Net als bij andere projectieve tests is aan Lüscher een "subjectieve" interpretatiemodaliteit toegekend, wat betekent dat de interpretatie en resultaten ervan voor een groot deel afhankelijk van de persoonlijke criteria van elke psycholoog of specialist die het toepast. Dat wil zeggen, er wordt geconcludeerd dat het een test is die geen "objectieve" conclusies biedt, wat veel kritiek heeft opgeleverd.
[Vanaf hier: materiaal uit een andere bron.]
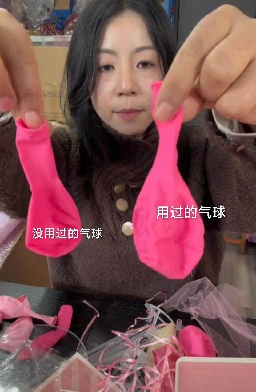 王女士吐槽气球等装饰品被用后退货。网络视频截图

In dezelfde zin wordt kritiek geuit op de onmogelijkheid om haar bevindingen te generaliseren, vanwege het gebrek aan standaardiseringen die voldoen aan de methodologische criteria van objectiviteit van de traditionele wetenschap. Criteria die bijvoorbeeld psychometrische tests ondersteunen. In die zin hebben de projectieve tests een wetenschappelijke status die voor aanzienlijke controverses heeft gezorgd, vooral onder specialisten die dit type test als "reactief" beschouwen en die in de beste gevallen zijn voorgesteld om ze kwantitatief te systematiseren..
Daarom werd deze test bekritiseerd, zowel vanwege het ontbreken van criteria die zowel de betrouwbaarheid als de geringe mogelijkheid tot reproductie van de resultaten ervan kunnen waarborgen. Aan de andere kant, De ideeën over functionaliteit en pathologie zijn ook bekritiseerd (en de mogelijke reproductie van vooroordelen, vooroordelen of stigma's van verschillende aard), die theoretisch de interpretaties van deze test ondersteunen.
Bibliografische referenties:
- Muñoz, L. (2000). Lüscher testen I. Toepassing en interpretatie. Ontvangen 14 augustus 2018. Verkrijgbaar in https://s3.amazonaws.com/academia.edu.documents/48525511/luscher_manual_curso__I.pdf?AWSAccessKeyId=AKIAIWOWYYGZ2Y53UL3A&Expires=1534242979&Signature=mY9dvdEukwzWDzpDFPUGgFzgoRo%3D&response-content-disposition=inline%3B%20filename % 3DLuscher_manual_curso_I.pdf.
- Sneiderman, S. (2011). Overwegingen over betrouwbaarheid en validiteit in projectietechnieken. Subjectiviteit en cognitieve processen. (15) 2: 93-110.
- Vives Gomila, M. (2006). Projectieve tests: toepassing op klinische diagnose en behandeling. Barcelona: Universiteit van Barcelona.